Deciphering the prognostic landscape of osteosarcoma: Integrating the roles of hippo pathway genes, programmed cell death, and the tumor immune microenvironment

Abstract

AbstractOsteosarcoma is a highly aggressive cancer prevalent among adolescents and young adults, notorious for its tendency to metastasize to the lungs. This research delves into the molecular foundations of osteosarcoma by examining the role of the Hippo signaling pathway and its interaction with the tumor immune microenvironment (TME). Through analysis of transcriptomic data from the TARGET‐OS dataset and control samples from GTEx, we identified a set of 131 genes that link high expression profiles in osteosarcoma with the Hippo pathway. A focused examination through univariate Cox regression analysis revealed eight key genes (DLG5, WNT11, TGFB2, DLG4, WNT16, ID2, WNT10B, and WNT10A) with a significant correlation to patient outcomes.

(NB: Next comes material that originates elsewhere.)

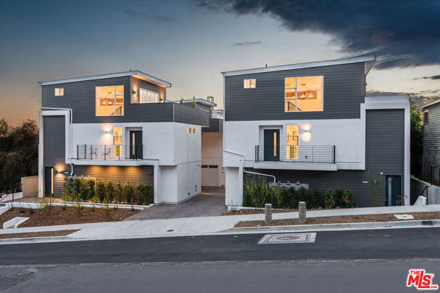 Architecturally striking and bathed in natural light, this 3-bedroom, 3.5-bath single-family home (built in 2019) delivers the very best of Silver Lake living. Enter through a welcoming foyer or directly from the two-car garage complete with EV charger. The first level offers a spacious guest suite with en-suite bath, ideal as a home office or private retreat for visitors. On the second floor, the primary suite impresses with dual walk-in closets featuring custom built-ins and a spa-like bath. A third bedroom also enjoys its own en-suite bath and walk-in closet. A laundry room with a sink is situated perfectly between the bedrooms. The crown jewel of the homes is its top-floor great room, where the kitchen, dining, and living areas open onto a sweeping south- and west-facing deck through an accordion glass wall framing breathtaking sunset views over the Hollywood Hills and city skyline. Designed with a sleek modern aesthetic, smart home technology, and high-end sustainable finishes throughout, this home suits an entertainer or a quiet work from home lifestyle. Natural light floods each floor of the home while preserving a sense of privacy and serenity. Ideally located in the Hyperion Silver Lake community of 8 homes, you are just steps from Sunset Junction and close to area highlights like Erewhon, Courage Bagels, Pine & Crane and La Colombe. Enjoy the best boutiques, bars, and cafes that make Silver Lake one of LA's most celebrated neighborhoods.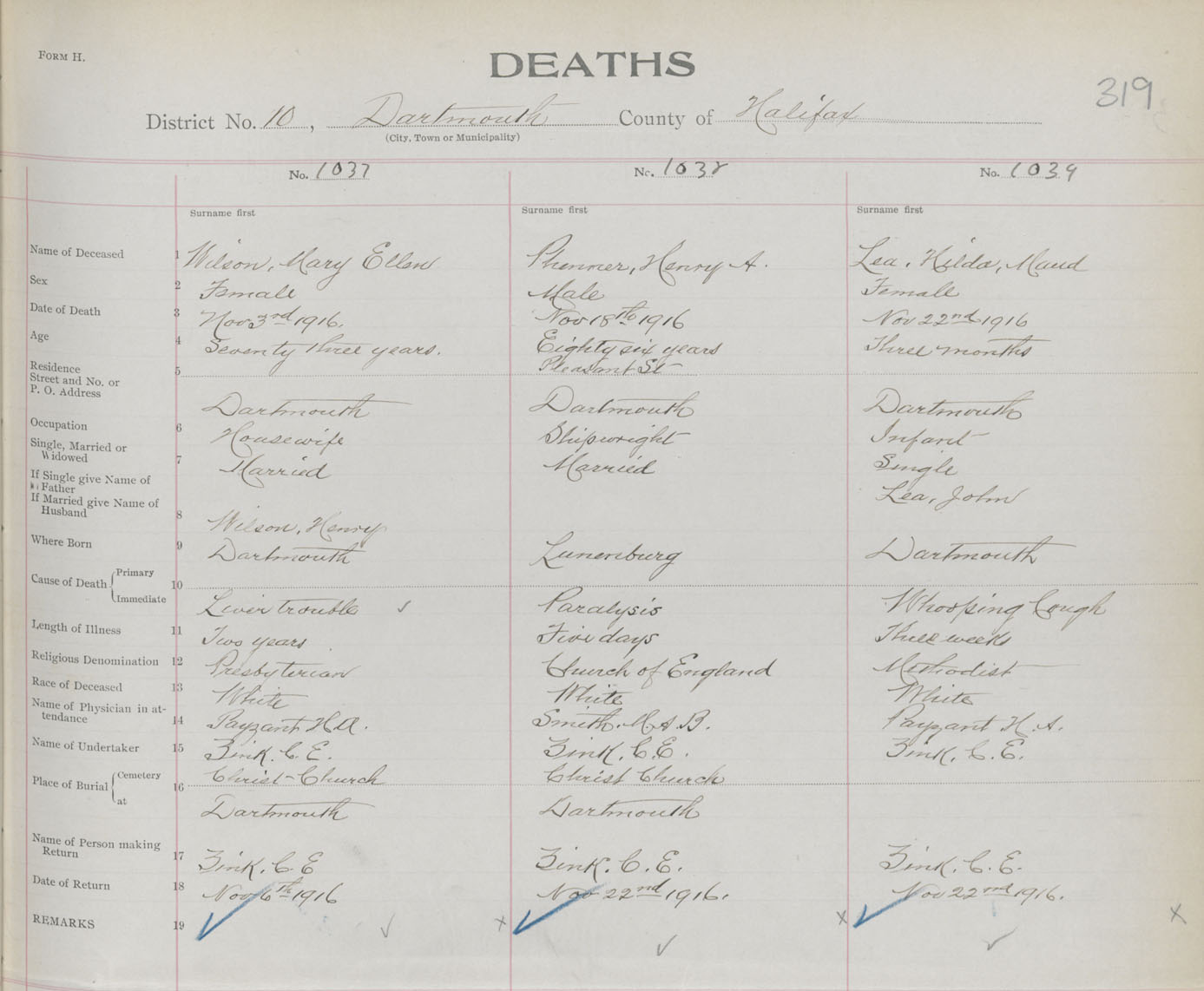Female Death Registration: Year: 1916 book: 34 page: 319 number: 1037

Hierarchical clustering of these genes delineated two distinct patient groups with significantly different survival rates, a finding supported by Kaplan–Meier survival analysis. Further investigation into immune cell infiltration and expression profiles of immunoregulatory factors uncovered a notable pattern of immune evasion in the group with poorer prognosis, marked by reduced effector immune cell activity and lower levels of immunostimulatory factors. Single‐cell sequencing highlighted the cellular diversity within osteosarcoma samples and identified markers differentiating malignant from nonmalignant cells, correlating these markers with prognostic risk scores. Our results emphasize the critical prognostic value of Hippo pathway genes and the TME in osteosarcoma, shedding light on new avenues for therapeutic intervention and patient‐specific treatment strategies.